WordPress/openverse-catalog

SMK (statensmuseum) images taking too long to be validated

AetherUnbound opened this issue · 11 comments

Description

When we recently tried to enable the statensmuseum provider, searches which included results from that provider ended up timing out on the Cloudflare -> API end. After some investigation, it appears that all the urls we have for statensmuseum images are taking a significant time to return (even on HEAD requests). This is causing validation to fail for all images returned in a result set, and I believe that the API isn't able to return a response quick enough for Cloudflare.

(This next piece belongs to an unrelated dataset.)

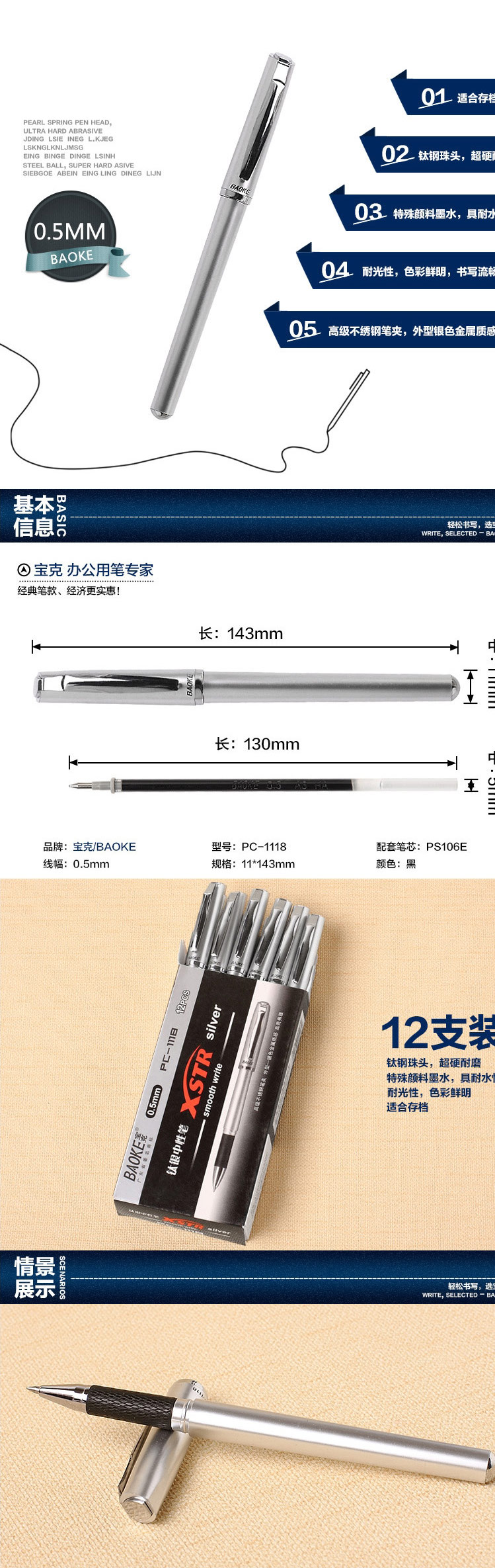 商品名称:宝克 PC1118中性笔(0.5mm)(黑色) (计价单位:支)
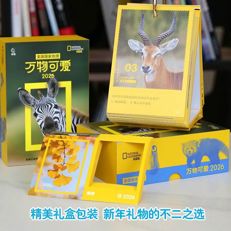 2026日历美国国家地理万物可爱 赠取景框珍藏日历精美礼盒趣味亲自互动自然科普教育动物植物百科365个趣味问题马年台历新年礼物

We are going to reach out to SMK to see if they can help us rectify this issue.

Reproduction

  1. Attempt a HEAD request: time curl -I https://iip.smk.dk/iiif/jp2/KKSgb5781.tif.jp2/full/max/0/default.jpg
  2. Observe that it takes longer than our timeout of 2 seconds

Expectation

These HEAD requests should ideally be very fast, and we should ideally be able to see Statens Museum results in the API.

Additional context

Resolution

  • 🙋 I would be interested in resolving this bug.
negon commented

The links to the full versions of our IIIF images are probably taking some time, as not all 50000 images are cached.
But far from all or works has IIIF versions, and its better to use image_native and image_thumbnail fields instead.

I hope you can use the images, are you downloading them locally to openverse or linking to them?
Regards
Nikokaj from SMK

Thanks for the input @negon! We can definitely switch to the image_native and image_thumbnail fields.

For the small images we display on our search results page, for example https://wordpress.org/openverse/search/?q=byzantine, we generate and cache our own copies of the images. On single result pages, like https://wordpress.org/openverse/image/49ccf441-1c54-4a24-8df0-c76d40767303, we link directly to the source.

Are there particular sizes from your thumbnail endpoints that are most likely to be cached? One more question—how does the Open SMK site determine which images to use? For example, I see this page uses this url:

https://iip-thumb.smk.dk/iiif/jp2/kksgb20980.tif.jp2/full/!2048,/0/default.jpg

while this page

uses the following url:

https://api.smk.dk/api/v1/thumbnail/13a529da-10a7-4837-ae06-66be94473036.jpg

negon commented

The issue with images is that there are HQ images and "legacy" images.
The HQ ones are also the ones that are IIIF enabled and therefore have a iiif-thumbnail link (iip-thumb.smk.dk), while the legacy images are taken directly from the collection database and have the none iiif thumbnail link (api.smk.dk)
And unfortanately we cant control the legacy ones. And they have very different qualities.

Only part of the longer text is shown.